Filho do editor Rafael Caro Raggio e de Carmen Baroja, sobrinho do novelista Pío Baroja e do pintor Ricardo Baroja, e irmão do documentalista, etnógrafo e escritor Pío Caro Baroja, foi discípulo de Telesforo Aranzadi, José Miguel de Barandiarán, Hermann Trimborn e Hugo Obermaier, quem encaminharam-no à história e à etnografía.

Se doctoró em História antiga pela Universidade de Madri, onde exerceu brevemente como professor. Posteriormente dirigiu o Museu do Povo Espanhol de Madri, mas trabalhou basicamente em solitário. Por diferentes razões, tanto pessoais como circunstanciales, se manteve à margem da universidade, excepto durante dois curtos períodos de docencia, um em Coímbra e outro, bem mais tarde, no País Basco. Realizou numerosas viagens por Espanha e o estrangeiro, com estadias prolongadas nos Estados Unidos e Inglaterra (entre 1951 e 1953), dedicando-se, como disse alguma vez, «a seus labores».

Fruto de sua formação e dos maestros que teve, seus primeiros trabalhos tratam sobre temas etnográficos, escritos quando tão só tinha 15 anos, bem como sua tese doctoral em 1941, que foi a base de uma trilogía muito posterior a respeito dos ciclos das festas de inverno (O carnaval, 1965), de primavera (A estação de amor, 1979) e de verão (O estío feriado, 1984).

Em seus primeiros livros expõe-se uma síntese da etnología em Espanha e em particular da do País Basco: Os povos do norte da península Ibéria (1943), Os povos de Espanha (1946), Os vascães (1949).
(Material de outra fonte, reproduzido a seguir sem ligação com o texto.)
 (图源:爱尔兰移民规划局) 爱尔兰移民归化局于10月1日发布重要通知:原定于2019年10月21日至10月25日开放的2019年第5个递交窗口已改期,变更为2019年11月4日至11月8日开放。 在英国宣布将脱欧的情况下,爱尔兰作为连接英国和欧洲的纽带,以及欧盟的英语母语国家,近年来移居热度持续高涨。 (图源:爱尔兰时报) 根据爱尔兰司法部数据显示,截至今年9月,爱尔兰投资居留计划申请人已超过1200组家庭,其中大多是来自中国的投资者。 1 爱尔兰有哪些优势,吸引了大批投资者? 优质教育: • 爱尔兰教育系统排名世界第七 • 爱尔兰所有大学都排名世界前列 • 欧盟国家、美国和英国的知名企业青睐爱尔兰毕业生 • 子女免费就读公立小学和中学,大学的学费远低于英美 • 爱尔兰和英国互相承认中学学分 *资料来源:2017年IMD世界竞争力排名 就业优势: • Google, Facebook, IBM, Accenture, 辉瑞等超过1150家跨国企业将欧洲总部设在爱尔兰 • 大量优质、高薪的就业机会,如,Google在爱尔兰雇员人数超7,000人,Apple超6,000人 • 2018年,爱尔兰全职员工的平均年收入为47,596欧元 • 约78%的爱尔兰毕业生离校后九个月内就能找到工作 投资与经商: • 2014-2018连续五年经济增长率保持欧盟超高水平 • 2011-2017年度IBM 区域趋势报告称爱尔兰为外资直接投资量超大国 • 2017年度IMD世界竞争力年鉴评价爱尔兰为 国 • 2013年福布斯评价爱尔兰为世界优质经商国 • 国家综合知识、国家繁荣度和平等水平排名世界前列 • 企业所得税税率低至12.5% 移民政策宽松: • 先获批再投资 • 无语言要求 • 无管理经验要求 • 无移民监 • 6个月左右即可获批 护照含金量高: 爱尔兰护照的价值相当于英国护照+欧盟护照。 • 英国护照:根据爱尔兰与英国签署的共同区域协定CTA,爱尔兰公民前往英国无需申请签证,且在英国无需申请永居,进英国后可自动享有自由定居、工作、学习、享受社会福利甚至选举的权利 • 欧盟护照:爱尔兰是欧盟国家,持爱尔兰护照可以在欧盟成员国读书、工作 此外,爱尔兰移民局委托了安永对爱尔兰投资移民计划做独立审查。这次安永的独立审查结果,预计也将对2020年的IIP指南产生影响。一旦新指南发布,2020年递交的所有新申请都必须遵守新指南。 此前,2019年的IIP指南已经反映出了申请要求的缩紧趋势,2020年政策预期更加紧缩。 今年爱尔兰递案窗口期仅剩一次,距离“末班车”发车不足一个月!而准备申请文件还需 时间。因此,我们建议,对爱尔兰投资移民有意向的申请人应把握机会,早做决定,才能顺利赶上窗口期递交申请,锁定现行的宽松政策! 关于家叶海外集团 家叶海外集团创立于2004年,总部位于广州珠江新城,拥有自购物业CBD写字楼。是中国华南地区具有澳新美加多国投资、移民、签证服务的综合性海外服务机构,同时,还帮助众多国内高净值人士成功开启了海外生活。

Seus estudos relacionados com aspectos tecnológicos vêm da época em que dirigiu o Museu do Povo Espanhol. Entre eles cabem destacar os dedicados aos arados espanhóis (1949) e aos molinos de vento (1952), publicados na Revista de Dialectología e Tradições Populares, da que foi director durante quinze anos.

Viajar ao Sahara em 1952 fez que seu interesse se orientasse para o facto das minorias étnicas. Publicou os Estudos saharianos (1955), quiçá o livro mais valioso a respeito deste território africano baixo domínio espanhol naquela época. Os moriscos do reino de Granada (1957) e outros posteriores marcam o sincretismo entre etnografía e história, por ser fruto de seu intenso labor de investigação nos arquivos da Inquisición: As bruxas e seu mundo (1961), sua obra mais conhecida, Vidas mágicas e Inquisición (2 vols., 1967) e, sobretudo, Os judeus na Espanha moderna e contemporânea (3 vols., 1961–1962). Outros estudos sobre grupos ou minorias oprimidas dão-nos uma visão dos gitanos, mendigos ou bandidos da área mediterránea.

Também foram inovadores o titulados Ensaio sobre a literatura de cordel (1969), As formas complexas da vida religiosa (Religião, sociedade e carácter na Espanha dos séculos XVI e XVII) (1978), A aurora do pensamento antropológico. A Antropologia nos clássicos gregos e latinos (1983) e A cara, espelho da alma. História da fisiognómica (1987).

Nos 18 volumes que compõem os Estudos bascos se recolhem artigos publicados entre as primeiras monografías (A vida rural em Lado de Bidasoa, 1944; Os vascães. Etnología, 1949) e obras de maturidade como A hora navarra do XVIII (1969), Etnografía histórica de Navarra (3 vols., 1971–1972) e A casa em Navarra (4 vols., 1982). Sobre o velho reino, e sobre Guipúzcoa, elaborou, com seu irmão Pío, um par de extensos filmes etnográficas.

Em sua obra Os vascones e seus vizinhos estuda a história antiga de dois povos, os vascones e seus vizinhos de Aquitania . Neste livro incorpora algumas novidades em relação com escritos anteriores, já que diz que a língua que mais se pode comparar ao euskera é a falada em certos núcleos étnicos antigos aquitanos e inclusive pirenaicos mais orientais.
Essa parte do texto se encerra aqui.